* [DATA FOR THIS EXERCISE]:
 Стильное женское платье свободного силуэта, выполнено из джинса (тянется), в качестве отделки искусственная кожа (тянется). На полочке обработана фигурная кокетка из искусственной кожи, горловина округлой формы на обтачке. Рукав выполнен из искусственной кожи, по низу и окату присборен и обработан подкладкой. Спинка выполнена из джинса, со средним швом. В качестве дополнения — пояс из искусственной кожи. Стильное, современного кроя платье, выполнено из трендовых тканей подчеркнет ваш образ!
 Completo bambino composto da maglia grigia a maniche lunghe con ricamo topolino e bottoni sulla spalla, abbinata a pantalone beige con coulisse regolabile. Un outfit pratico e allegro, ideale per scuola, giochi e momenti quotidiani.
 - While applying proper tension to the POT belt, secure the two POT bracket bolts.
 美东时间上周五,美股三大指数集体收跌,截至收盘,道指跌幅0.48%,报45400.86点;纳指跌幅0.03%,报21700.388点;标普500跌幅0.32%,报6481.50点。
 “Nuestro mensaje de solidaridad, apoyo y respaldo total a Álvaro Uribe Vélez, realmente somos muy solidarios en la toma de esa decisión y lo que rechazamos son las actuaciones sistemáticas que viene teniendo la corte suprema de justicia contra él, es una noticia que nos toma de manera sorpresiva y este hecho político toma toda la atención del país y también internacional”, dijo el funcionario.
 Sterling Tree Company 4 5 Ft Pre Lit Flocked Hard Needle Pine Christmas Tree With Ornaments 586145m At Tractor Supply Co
--
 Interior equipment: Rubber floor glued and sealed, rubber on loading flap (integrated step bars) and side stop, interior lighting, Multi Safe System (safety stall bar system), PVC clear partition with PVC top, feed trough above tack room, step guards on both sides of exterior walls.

* [WHAT TO DO]:
Please copy the lines in the records above between the one holding "Completo bambino composto" and the one holding "美东时间上周五,美股三大指数", inclusive, exactly and with no other line.

* [TASK ANSWER]:
 Completo bambino composto da maglia grigia a maniche lunghe con ricamo topolino e bottoni sulla spalla, abbinata a pantalone beige con coulisse regolabile. Un outfit pratico e allegro, ideale per scuola, giochi e momenti quotidiani.
 - While applying proper tension to the POT belt, secure the two POT bracket bolts.
 美东时间上周五,美股三大指数集体收跌,截至收盘,道指跌幅0.48%,报45400.86点;纳指跌幅0.03%,报21700.388点;标普500跌幅0.32%,报6481.50点。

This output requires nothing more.